The section includes some key definitions to sum up the core concepts of big data. These will help you to keep key definitions in mind as we move further into the book, to help you understand what we have learned so far, and what lies ahead of us.
Big data glossary
Big data
Data that is massive in volume, with respect to the processing system, with a variety of structured and unstructured data containing different data patterns to be analyzed.
Batch processing
A process of analyzing large datasets, which is typically scheduled and executes in bulk when no other processes are running. This is typically ideal for non-time-sensitive work that operates on very large datasets. Once the process has finished executing the task, it will return results typically as an output file or as a database entry.
Cluster computing
Cluster computing is the practice of combining the resources of multiple commodity low-cost hardwares and managing their collective processing and storage capabilities to execute different tasks. It requires a software layer to handle communication between different individual nodes in order to effectively manage and coordinate the execution of assigned work.
Data warehouse
A large repository of structured data for analysis and reporting purposes. It is composed of data that is already cleaned, with a definite schema and well integrated with sources. It is normally referred to in the context of traditional systems, such as BI.
Data lake
Similar to a data warehouse, for storing large datasets, but it comprises unstructured data. This is a commonly used term in the context of big data solutions that store information such as blogs, posts, videos, photos, and more.
Data mining
Data mining is the process of trying to process a mass of data into a more understandable and visual medium. It is a broad term for the practice of trying to find hidden patterns in large datasets.
ETL
ETL stands for extract, transform, and load. This mainly refers to traditional systems such as BI, which take raw data and process it for analytical and reporting purposes.
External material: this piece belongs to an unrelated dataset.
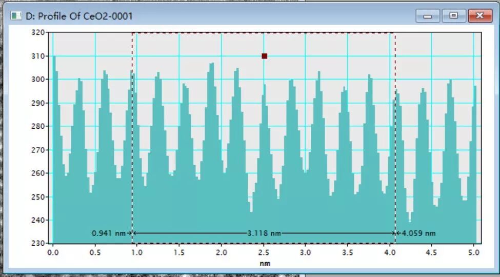 Step 5. 在Profile窗口中采用鼠标左键拽出一个虚线框(确保框线位于柱子正中间)即可显示出距离(图8),通常测量10个周期的距离求取平均值得到晶格条纹的晶面间距。图8中的晶格间距为3.118 ÷ 10 = 0.3118 nm,对应CeO2的(111)晶面。

It is mainly associated with data warehouses, but characteristics of this process are also found in the ingestion pipelines of big data systems.
Hadoop
An open source software platform for processing very large datasets in a distributed environment with respect to storage and computational power, mainly built on low-cost commodity hardware. It is designed for easy scale up from a few to thousands of servers. It will help to process locally stored data in an overall parallel processing setup. It comprises different modules–Hadoop Distributed File System (HDFS), Hadoop MapReduce, and Hadoop YARN (Yet Another Resource Negotiator).
In-memory computing
A strategy that involves moving the working datasets entirely within a cluster's collective memory instead of reading it from hard disk, to reduce the processing time while omitting I/O bound operations. Intermediate calculations are not written to disk and are instead held in memory. This is the fundamental idea of projects such as Apache Spark. Because of this, it has huge advantages in speed over I/O bound systems such as MapReduce.
Machine learning
The study that involves designing a system that can learn without being explicitly programmed. It can have the ability to adjust and improve itself based on the data fed to it. It involves the implementation of predictive and statistical algorithms that can continually zero in on correct behavior and insights as more data flows through the system.
MapReduce
MapReduce is a framework for processing any task in a distributed environment. It works on a Master/Slave principle similar to HDFS. It involves splitting a problem set into different nodes available in a clustered computing environment and produces intermediate results. It then shuffles the results to align like sets, and then reduces them by producing a single value for each set.
NoSQL
NoSQL provides a mechanism for storage and retrieval of data that is not in tabular form, such as what we store in relational database systems. It is also called non-SQL or a non-relational database. It is well suited to big data as it is mostly used with unstructured data and can work in distributed environments.
Stream processing
The practice of processing individual data items as they move through a system. This will help with real-time analysis of the data as it is being fed to the system. It is useful for time-sensitive operations using high velocity metrics.